Battery-aware inference scheduling
The Neural Engine is efficient, but efficiency is relative — a model running every second for an hour still draws meaningful power. Continuous inference drains batteries.
The correct architecture separates inference triggers from inference execution. Inference runs in response to discrete events — a user action, a content update, a background fetch — not on a polling timer.
For background inference, BGProcessingTaskRequest is the appropriate scheduling mechanism. It defers execution to periods when the device is charging and idle, which is exactly when battery cost is irrelevant.
let request = BGProcessingTaskRequest(identifier: "com.app.inference")
request.requiresNetworkConnectivity = false
request.requiresExternalPower = true // defer to charging periods
try BGTaskScheduler.shared.submit(request)
requiresExternalPower = true is not always the right call — it depends on how time-sensitive the inference is. For pre-computation tasks (generating embeddings, pre-classifying content), deferring to charging is the correct trade-off. For user-triggered inference, it is not.
Privacy as an architectural property
On-device inference is not a privacy feature — it is a privacy architecture. The distinction matters.

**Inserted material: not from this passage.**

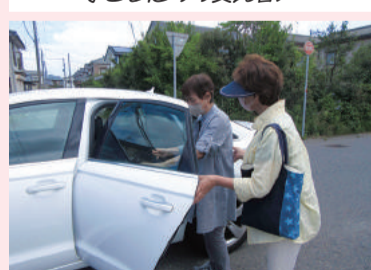
病院への付き添い送迎支援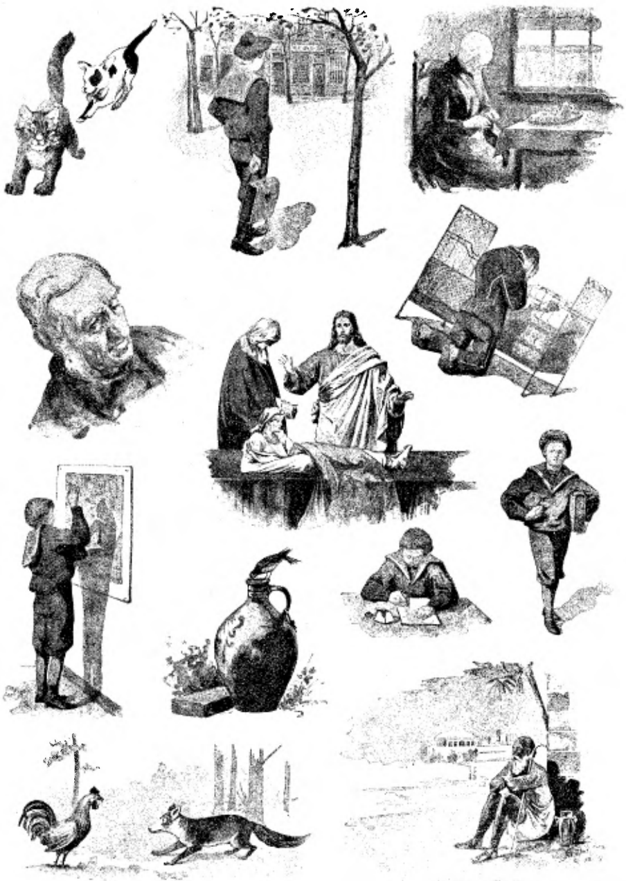
Verkleinde illustraties uit „Hans” en „Vertellen en zingen”.

A privacy feature is something you add: an opt-out, an anonymization step, a data retention policy. These are valuable, but they exist within a system that still sends data somewhere.
A privacy architecture is structural. When inference runs on-device, user data cannot reach a server. Not because of a policy — because there is no network call in the inference path. The Neural Engine processes the data. The result surfaces in the app. Nothing leaves the device.
This has concrete implications:
- App Store privacy labels — the AI inference path adds no data collection to disclose
- Compliance — GDPR, HIPAA, and CCPA obligations do not apply to data that never transits a server
- Trust — users and enterprise customers can verify the privacy claim structurally, not contractually
For apps handling health data, financial data, personal communications, or any regulated category, on-device inference is not a differentiator — it is the minimum viable privacy posture.
When cloud AI is the wrong choice
Cloud AI is the wrong default for most iOS app features, not the wrong choice for all of them. The cases where cloud AI makes sense:
- Tasks that require frontier model capability — complex multi-step reasoning, broad world knowledge retrieval, tasks outside on-device model capabilities
- Low-frequency batch tasks where latency and cost are not concerns and data is not sensitive
- Tasks that require external data that cannot exist on-device
The cases where cloud AI is structurally wrong:
- Real-time interaction — autocomplete, live classification, gesture interpretation
- Sensitive data — health metrics, financial records, personal communications
- Offline-first apps — the feature must work without connectivity
- Cost-sensitive scale — 10,000+ daily active users running multiple inference calls per session
Defaulting to cloud APIs because they are faster to prototype is a decision that creates latency debt, cost scaling problems, and privacy obligations that are expensive to undo.
Building production AI features on this stack
The integration sequence that produces reliable production results:
- Define the task precisely — what input, what output, what accuracy requirement
- Evaluate Apple Foundation Models first — if the task fits within structured generation, use it
- If custom Core ML is needed — select model, convert with
coremltools, quantize to Int8, validate accuracy - Isolate behind an actor — inference never touches the main thread
- Handle availability — check
SystemLanguageModel.default.availabilityfor Foundation Models; handle model load failures for Core ML - Design the fallback — what happens when inference is unavailable or slow?
- Test on physical hardware — Simulator numbers are not real numbers
- Audit the privacy surface — verify no data leaves the device through any path
The stack is production-ready. The patterns are established. The failure modes are known and avoidable.